An Orthodox transgender woman shares feelings of alienation in the trans community because of her Jewish identity.
A woman who quit her office job to travel the world and become a “digital nomad” offers advice to others who may be contemplating the same.
A writer offers a list of six camp-themed novels that will feed the nostalgia of those missing summers filled with bug juice and cabin raids.
Readers are offered a free giveaway of a “Kiss My Tuchis” muscle tank to one lucky winner “who will clearly be the envy of everyone in their Zumba class.”
Welcome to Alma (heyalma.com), a newly launched website geared toward Jewish millennial women focusing on topics of cultural interest and forging a virtual community for those seeking a connection to others grappling with common “Jew-ish” issues.
The fledgling site, and its accompanying social media platforms (Twitter, Facebook, YouTube and Instagram), is part of 70 Faces Media, the parent company of JTA. Seed funding for the project came from UJA-Federation of New York.
Edited by Molly Tolsky, 31, the former editor of Kveller — a parenting website under the 70 Faces Media umbrella — Alma may be able to provide young Jewish women with just the right amount of Jewishness in exchange for minimal commitment.
Tolsky has experience in building online communities. In her seven years working at Kveller, she helped the site amass more 84,000 followers on Facebook and 11,000 on Twitter. Although Tolsky, who is single and has no children, enjoyed learning about parenting through Kveller, she also was interested in providing relevant content for her own demographic: young Jewish women navigating relationships while building their careers.
The name Alma – a Hebrew word meaning a woman of childbearing age who does not yet have children – fits the mission of the new project, according to Tolsky.
“Ninety-one percent of our followers are women between the ages of 18 to 25, so we are definitely hitting our demographic,” she said.

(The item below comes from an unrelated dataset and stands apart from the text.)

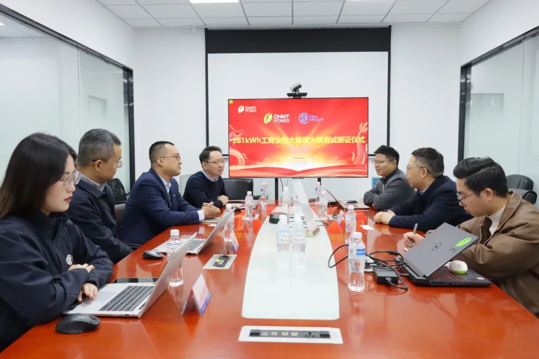 在双方团队的协同努力下,正泰电源125kW/261kWh工商业户外储能柜成功通过严苛的CSA C800标准测试,并同时满足UL 9540A草案版对整系统燃烧评估的相关要求,成为全球首款在此类开门大规模火烧测试中兼顾两项权威标准的工商业储能柜。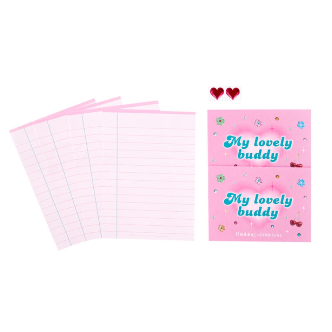 ノートスタイルの便箋4枚、封筒2枚、ステッカー1シートで構成されています✉️

Not everyone who is an Alma fan, however, fits that profile.
“We got an email from a Muslim Pakistani woman who is dating a Jewish guy and found Alma and is loving it,” Tolsky said.
Mostly, though, Alma’s target audience is “unaffiliated Jews and Jews who are not participating in organized Jewish life,” she said. Many Alma readers are those who identify as Jewish and are interested in interacting with other Jews but at a cultural level.

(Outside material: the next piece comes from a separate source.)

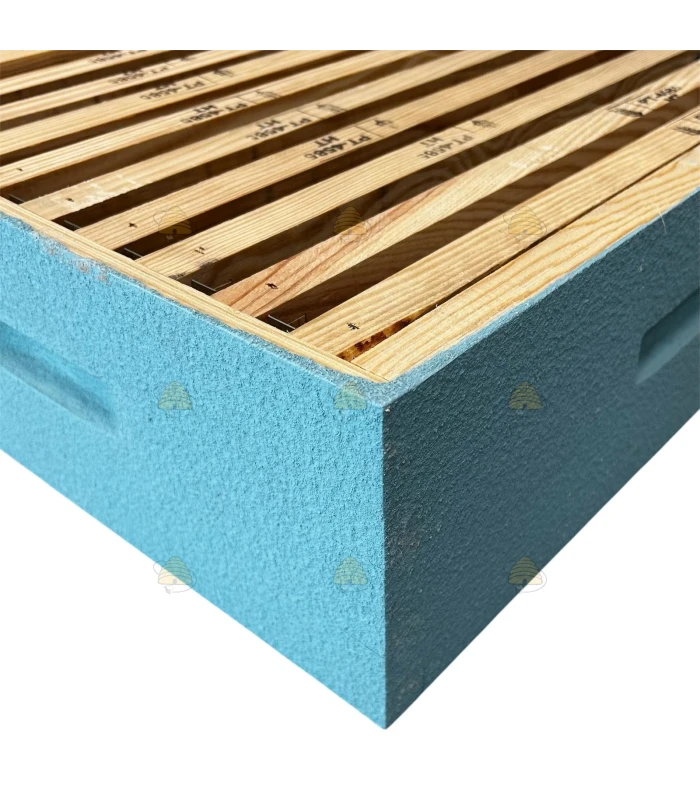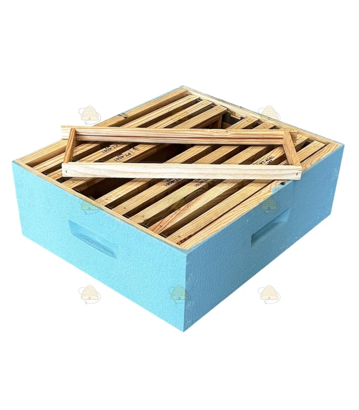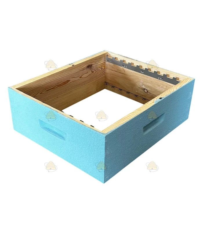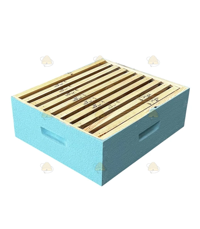 Cette hausse pour ruche Dadant Blatt est peinte en coloris bleu ciel et équipée de 9 cadres rainurés. Vous pouvez bien sûr utiliser des cadres sans rainure. La hausse est également équipée de bandes d’écartement et d’un porte-cadres, qui maintiennent les cadres bien en place.

Focus groups assembled prior to Alma’s launch in late June indicated that “there are so many younger Jewish people who care about being Jewish but who don’t want to go outside their daily lives and to be forced into being Jewish,” said Tolsky.

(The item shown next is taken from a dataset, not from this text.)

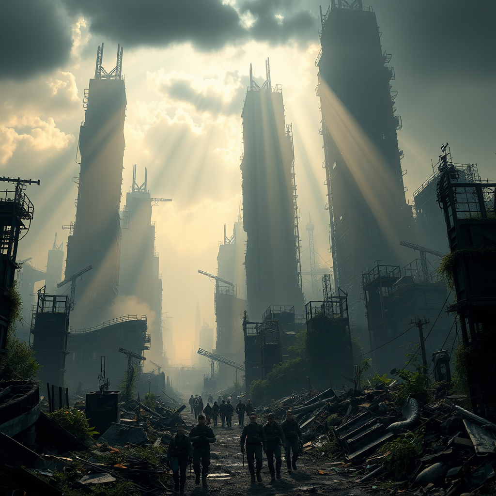 An awe-inspiring dystopian landscape with towering, dilapidated skyscrapers shrouded in mist, casting long shadows across a desolate cityscape. The scene features remnants of advanced technology intertwined with overgrown nature, creating an eerie yet captivating contrast. In the foreground, a small group of survivors clad in rugged attire navigates the cluttered streets, their faces determined and hopeful. A brooding sky looms overhead, pierced by beams of sunlight that illuminate pockets of the devastated terrain, adding a cinematic and epic feeling to the overwhelming stillness.

Alma, she said, gives them a way to connect in a manner that is comfortable and easy. Community, Tolsky noted, “happens more on social media, obviously, for this generation. We live on social media.”
Prior to having children, many young Jewish women typically are not particularly active in organized, institutional Jewish life.
“It’s important for people to have a place where who they are is being recognized and their level of being Jewish is OK,” Tolsky said. Alma, she added, acknowledges that “you don’t have to go to shul, or light candles, or keep kosher to be Jewish.”
Content on Alma has been varied, but one subject stands out as the most popular.
“Hair!” said Tolsky, who grew up attending a Conservative congregation in a northwest Chicago suburb. “It doesn’t surprise me. That’s something I noticed on Kveller, too.”
An article focusing on nine Jewish women and their “love-hate” relationships with their hair, illustrated with photographs, was a huge hit, she said. A photo essay titled “My Jewfro and I” has been the most viewed.
“Everyone has a personal relationship with hair,” Tolsky said. “And people like reading about other people’s hair.”
Alma posts new content daily, not all of which is directly related to being Jewish. Nonetheless, Alma is on its way to creating a virtual Jewish village.
“Jewish people do often feel an instant connection when they meet someone else who is Jewish,” Tolsky said. “We are hoping Alma will become an online community.”